Диктую адрес, он вбивает его в телефон, и мы трогаемся.
Вот так у него все просто.
А я?
Откинула голову на подголовник и закрыла глаза.
Я устала.
Глава 17
Марк
— Это акция такая? При покупке замка — дверь шла в подарок? — сжимая новую связку ключей, нахмурившись, смотрит на меня взглядом, полным сомнений.
— Кажется, Семен немного перестарался. — Пожимаю плечами.
Я и сам не был в курсе, что вместе с замком он еще и новую сейфовую дверь поставил, за что я благодарен ему. Это не лишнее.
— Такой же, как и его начальник, — закатив глаза пробурчала и вставила ключ в замочную скважину. Затем отворила еще один замок и открыв дверь, вошла. Поэтому проследовав за ней, закрыл дверь, но оставил без ответа ее едкий комментарий.

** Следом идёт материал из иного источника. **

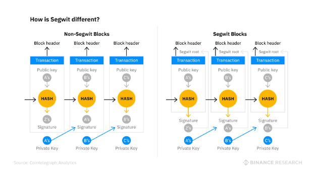 세그윗이란, 비트코인의 블록에서 디지털 서명 부분을 분리함으로써 블록당 저장 용량을 늘리는 "소프트웨어 업그레이드"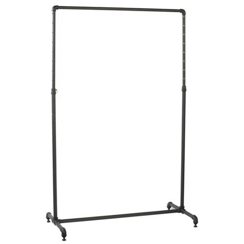 This modern mobile 2-foot Wide single-rail ballet bar rack works perfectly for any store. The ballet bar style rack features an adjustable height (3-inch increments) hang bar with two three-inch accessory faceouts, four removable casters, and a bottom display merchandiser shelf to showcase accessories and more. This is a convenient ballet bar-style clothing display rack for apparel and garments in any desired location. Also great as a coat rack stand for any business or office. The rack is 24 x 18 x 48-72.

Потому как, во-первых, она была права, Семен всегда выполняет свою работу успешно. Во-вторых, он также повернут на контроле и, в некоторых случаях, перегибал палку похлеще меня. И, в-третьих, я знал, что она делает и пресек это на корню. Неосознанно, в ней продолжает упрямиться и огрызаться обиженная девчонка. Поэтому если бы ответил что-либо, то наша перепалка достигла бы разрушительных масштабов. Она единственная имеет надо мной такую власть. Она единственна осмелилась бросать мне вызов и почти всегда я ей это позволяю. Правда не всегда сдерживаюсь, чаще срываюсь, а надо бы уступать. Потому как, и у меня характер не сахар, а эта девчонка постоянно переходит все возможные границы. Ее взрывной характер порой выбивает почву у меня из-под ног и сводит с ума. Наши отношения изначально были ненормальными, больными. Моя душа, пропитанная пороками и жаждой обладать этой девчонкой любыми средствами, проникнуть в каждую часть ее тела, мозга и жизни, доказали лишь то, насколько сильно я прогнил изнутри и как низко пал. И вся эта забавная, поначалу, игра вот к чему нас привела. Сломанная Валерия, с ворохом проблем, пытается удержать свою вдребезги разбитую гордость. И я, маниакальное животное, с садистскими наклонностями и больной зависимостью к ней. А теперь еще и нашему ребенку. Осознание того, что я никогда не восстановлю каждую искалеченную часть ее души и тела, и не получу ее доверие снова, как гноящая рана, отравляет и разрушает все внутри. Заслужил.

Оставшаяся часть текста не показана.